Wherever the records include pictures, skip them and transcribe all the rest word for word.

◇ ◇ ◇ ◇ ◇ ◇ ◇

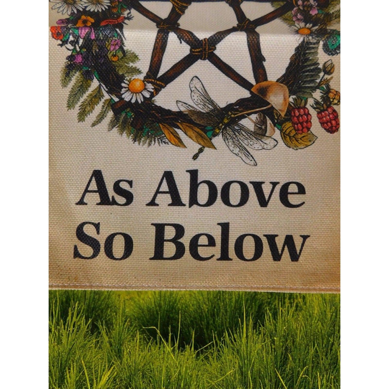 This decorative yard flag features the phrase "Blessed Be As Above So Below" with a detailed pentacle made from illustrated twigs, flowers, plants, mushrooms, berries, and woodland motifs.
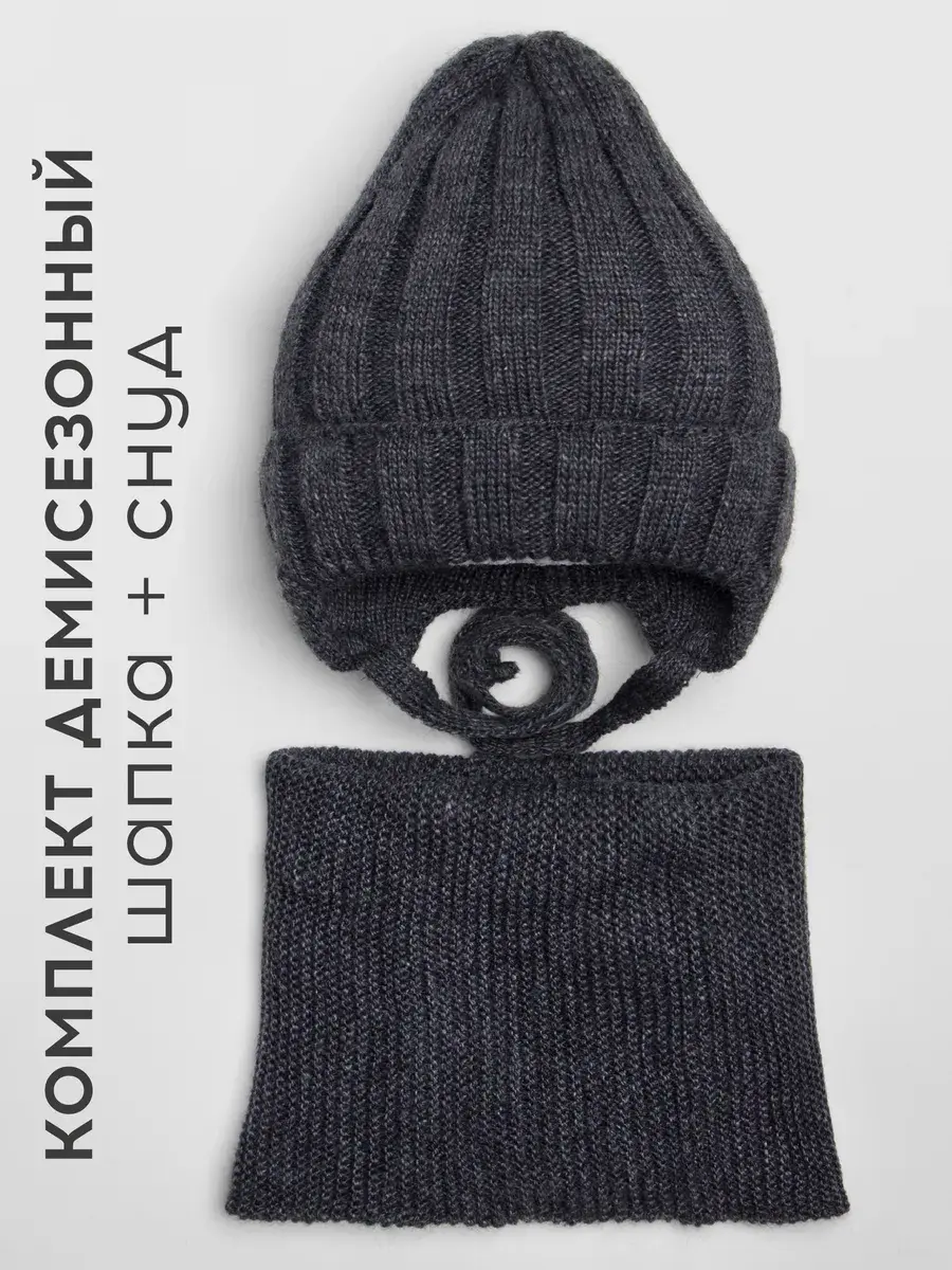 Демисезонная шапка для девочек и мальчиков со снудом — это идеальный выбор для холодного времени года. Незаменимый детский комплект для осени и теплой зимы. Шапка и снуд для детей выполнены вязкой "лапша" из мягкой качественной пряжи (в составе гипоаллергенный акрил), которая обеспечивает комфорт и защиту от холода. Благодаря большому количеству расцветок модель подходит как мальчикам, так и девочкам. Шапочка на завязках хорошо фиксируется и предотвращает сползание. Плотный отворот защищает уши и шею от сильного ветра. Отсутствие декора и фурнитуры делает этот дуэт универсальным для создания модных образов. Изделие снабжено хлопковой подкладкой, которая отлично держит тепло и не дает голове ребенка вспотеть. Снуд детский выполнен в том же стиле, что и шапочка, создавая гармоничный комплект. Он легко надевается через голову и защищает шею от холодного воздуха. Благодаря эластичности материала, снуд не стесняет движений и комфортно сидит на ребенке. Широкий размерный ряд позволит выбрать головной убор как для малышей, так и для подростков с 9 месяцев до 10 лет. Вязаный детский набор станет прекрасным вариантом для тех, кто ищет стильный и практичный аксессуар для своих детей! Шапка осенняя детская - незаменимая вещь для школы, детского садика и прогулок на свежем воздухе.
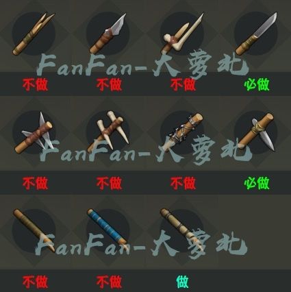 仅建议做“刀”,若急不可耐,抑或脸黑,可以选择做略次之的骨质矛尖。其他的不要考虑。
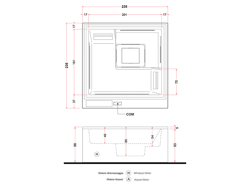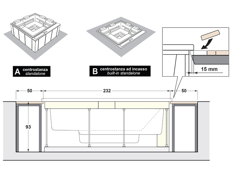 Спа бассейн Treesse PHANTOM встраиваемый, размер 235x235x98 см. На 5-6 человек.
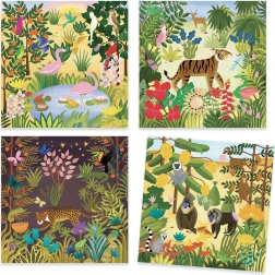 Entdecken Sie die Welt der Kunst mit unserem Set von Abreibebildern, die sich aus dem einzigartigen Stil des bekannten Malers Douanier Rousseau inspirieren lassen:
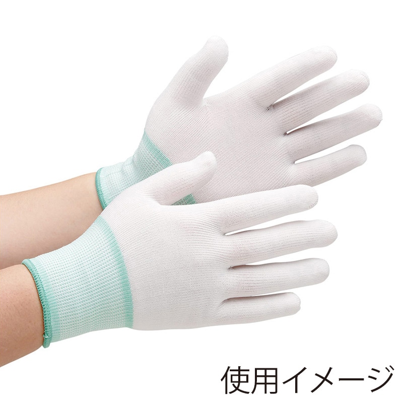 ●ポリエステル繊維のさらっとした装着感です。●精密機器、自動車部品の組立。●製品検査。●屋内軽作業、掃除。●アソート、パッキング作業。●農場、園芸作業。●色:ホワイト●サイズ:M●全長(cm):21.0●手のひら周り(cm):17.4●中指長さ(cm):7.4●厚さ(mm):0.6●ゲージ数:13●リストカラー:グリーン●13ゲージ編●繊維部:ポリエステル●すべり止め部:ポリウレタン(PU)

◇ ◇ ◇ ◇ ◇ ◇ ◇

◆ Result:
 This decorative yard flag features the phrase "Blessed Be As Above So Below" with a detailed pentacle made from illustrated twigs, flowers, plants, mushrooms, berries, and woodland motifs.
 Демисезонная шапка для девочек и мальчиков со снудом — это идеальный выбор для холодного времени года. Незаменимый детский комплект для осени и теплой зимы. Шапка и снуд для детей выполнены вязкой "лапша" из мягкой качественной пряжи (в составе гипоаллергенный акрил), которая обеспечивает комфорт и защиту от холода. Благодаря большому количеству расцветок модель подходит как мальчикам, так и девочкам. Шапочка на завязках хорошо фиксируется и предотвращает сползание. Плотный отворот защищает уши и шею от сильного ветра. Отсутствие декора и фурнитуры делает этот дуэт универсальным для создания модных образов. Изделие снабжено хлопковой подкладкой, которая отлично держит тепло и не дает голове ребенка вспотеть. Снуд детский выполнен в том же стиле, что и шапочка, создавая гармоничный комплект. Он легко надевается через голову и защищает шею от холодного воздуха. Благодаря эластичности материала, снуд не стесняет движений и комфортно сидит на ребенке. Широкий размерный ряд позволит выбрать головной убор как для малышей, так и для подростков с 9 месяцев до 10 лет. Вязаный детский набор станет прекрасным вариантом для тех, кто ищет стильный и практичный аксессуар для своих детей! Шапка осенняя детская - незаменимая вещь для школы, детского садика и прогулок на свежем воздухе.
 仅建议做“刀”,若急不可耐,抑或脸黑,可以选择做略次之的骨质矛尖。其他的不要考虑。
 Спа бассейн Treesse PHANTOM встраиваемый, размер 235x235x98 см. На 5-6 человек.
 Entdecken Sie die Welt der Kunst mit unserem Set von Abreibebildern, die sich aus dem einzigartigen Stil des bekannten Malers Douanier Rousseau inspirieren lassen:
 ●ポリエステル繊維のさらっとした装着感です。●精密機器、自動車部品の組立。●製品検査。●屋内軽作業、掃除。●アソート、パッキング作業。●農場、園芸作業。●色:ホワイト●サイズ:M●全長(cm):21.0●手のひら周り(cm):17.4●中指長さ(cm):7.4●厚さ(mm):0.6●ゲージ数:13●リストカラー:グリーン●13ゲージ編●繊維部:ポリエステル●すべり止め部:ポリウレタン(PU)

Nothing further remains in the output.